It’s no secret that the 34,800 customers of Vero Beach Utilities have long paid electric rates that are far higher than those charged by Florida Power & Light. Since April 2011, for example, the cumulative “overcharge” due to the higher rates has amounted to a staggering $100 million dollars. That this makes zero economic sense is beyond rational dispute.
It’s also no secret that the primary cause of the higher rates is the price that the city of Vero Beach is obligated to pay for the power it purchases (the utility itself generates almost nothing) under contracts with the Florida Municipal Power Agency and the Orlando Utility Commission. And it is the inability of the city to terminate these contracts (some of which run through 2043) without gross penalties and “stranded costs” that both sustain the higher rates and stall the proposed sale of the utility.
Although it is not often acknowledged, Vero Beach could decide tomorrow to reduce electric rates comparable to those charged by FPL. They choose not to do so, however, because a substantial share of the revenue generatedby the higher rates (approximately 25 percent) is paid by noncity residents and those revenues help fund other city budget items. Absent those revenues, the city would have to increase taxes even more substantially than recently proposed. (Vero Beach has one of the lowest property tax rates in Florida).
Are there any alternatives to the current quagmire? One possibility currently being legally pursued by Indian River Shores is to exit its current service contract with Vero Beach once it expires in November 2016. Then, presumably, the Shores will be able to negotiate with alternative energy suppliers for cheaper electricity for residents. If the suit fails, however, nothing really changes for any of the captured city electric customers.

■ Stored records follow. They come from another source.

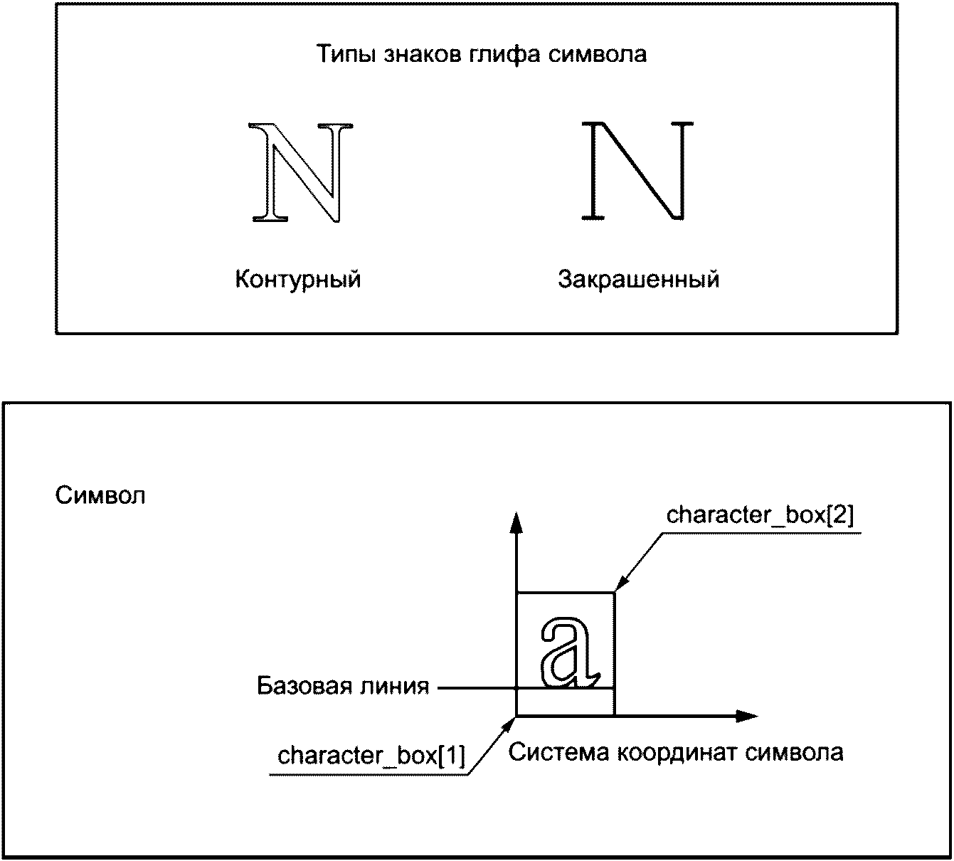- методы определения внешнего вида знаков и символов в шрифтах;
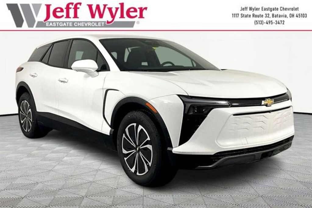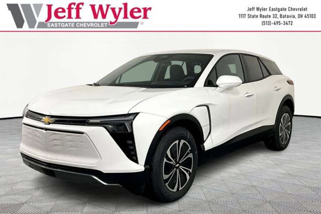 Summit White 2026 Chevrolet Blazer EV LT Electric Motor FWD 1-Speed Automatic Jeff Wyler Eastgate Auto Mall is pumped up to offer this superb 2026 Chevrolet Blazer EV LT in Summit White. Well equipped with: 4-Wheel Disc Brakes, 6 Speakers, 6-Speaker Audio System Feature, 6-Way Manual Driver Seat Adjuster, 6-Way Manual Front Passenger Seat Adjuster, ABS brakes, Air Conditioning, Alloy wheels, AM/FM radio: SiriusXM with 360L, Auto High-beam Headlights, Automatic temperature control, Brake assist, Bumpers: body-color, Cloth Seat Trim, Compass, Delay-off headlights, Driver door bin, Driver vanity mirror, Dual front impact airbags, Dual front side impact airbags, Electronic Stability Control, Emergency communication system: OnStar and Chevrolet connected services capable, Four wheel independent suspension, Front anti-roll bar, Front Bucket Seats, Front Center Armrest, Front reading lights, Fully automatic headlights, Illuminated entry, Knee airbag, Low tire pressure warning, Navigation System, Occupant sensing airbag, Outside temperature display, Overhead airbag, Overhead console, Panic alarm, Passenger door bin, Passenger vanity mirror, Power door mirrors, Power steering, Power windows, Radio: 17.7 Diagonal Advanced Color LCD Display, Rear anti-roll bar, Rear reading lights, Rear seat center armrest, Rear window defroster, Rear window wiper, Remote keyless entry, Security system, Speed control, Split folding rear seat, Spoiler, Steering wheel mounted audio controls, Telescoping steering wheel, Tilt steering wheel, Traction control, Trip computer, Variably intermittent wipers, and Wheels: 19 Machined-Face Aluminum. Price includes: $1000 - Chevrolet Consumer Cash Program. Exp. 03/31/2026
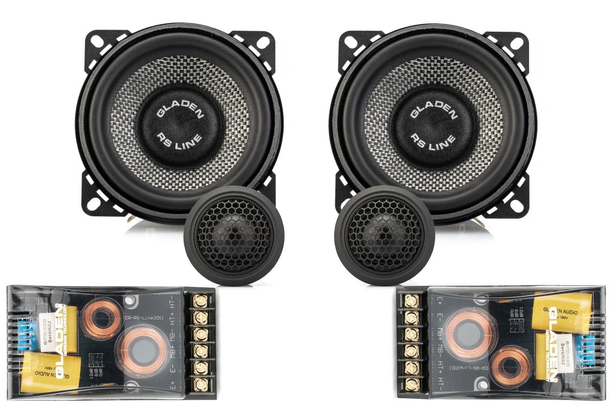 Моделната серия RS от Gladen въплъщава усъвършенстван звук с акцент върху детайлите и висока мощност, перфектна изработка и не на последно място най-широкото портфолио говорители във всички серии на Gladen. RS включва компонентни и коаксиални говорители от висок клас, включително трипътови и активни системи за разнообразни възможности за инсталация. Мембраната от стъклени влакна се отличава с лекотата си и много ниските изкривявания. Стабилната стоманена кошница, здрава магнитна система, копринени високочестотни говорители или кросоувър с 9 възможности за настройка при компонентните системи (не важи за версиите Active и Speed) допринасят за извънредно звуково представяне. Високата чувствителност и намаленият импеданс до 3 ома позволяват създаване на озвучаване на автомобила без големи изисквания към мощността на външните усилватели. Ако търсите говорители, насочени към по-високо качество на звука и извънредна мощност, разгледайте серията RS от Gladen!
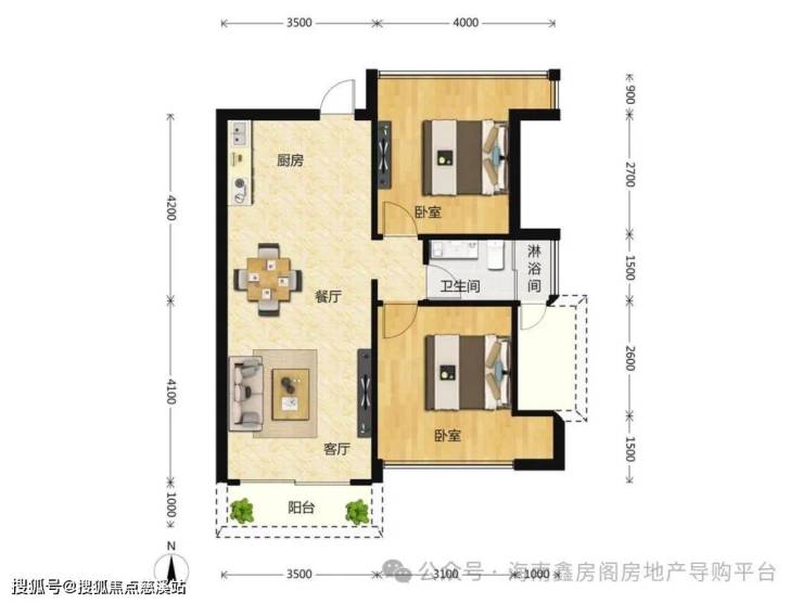 B户型两房一厅一卫: 50㎡送14㎡ 实得64㎡。

A second legal alternative is far more radical. The city could decide to default on some of its $151million total debt (general debt plus unfunded pension liabilities) on those egregious energy contracts and then file for Chapter 9 bankruptcy protection under federal law.
A dozen or more cities and municipal authorities have filed for Chapter 9 over the past decade (though none in Florida). Cities such as Vallejo, California (2008), Central Falls, Rhode Island (2011), Stockton, California (2012), and, of course Detroit (2013) have all chosen to “financially reorganize” under federal bankruptcy law, which is their right.
The purpose of such filings is to reduce the financial burden imposed by contract obligations that the cities have with various suppliers, pensioners or creditors. When a city files for bankruptcy, an “automatic stay” from the bankruptcy court halts any collections by creditors. The bankruptcy court then determines the municipality’s eligibility for financial relief based on various criteria in the law. Once the court accepts eligibil-ity, the municipality then enters into a process of crafting a plan of adjustment for reducing debt and/or modifying variouscontracts. This process, of course, may take many months or even years to complete.
The upside to any filing of bankruptcy is that financial cost obligations associated with the city debt, pension obligations and energy contracts can be reduced. The city would then be in a far better position to negotiate a sale of its utility to Florida Power & Light or some other energy company. The downside is the uncertainty of the size of those cost reductions and the time frame for the entire process to play out.
To be sure, uncertainty is never pleasant. But even more unpleasant is the absolute certainty that if nothing dramatic occurs, and soon, Vero Beach ratepayers (households and businesses) will continue to pay outrageous energy bills for decades to come. Therefore, although there are risks involved, serious consideration should be given to a financial reorganization under a Chapter 9 filing.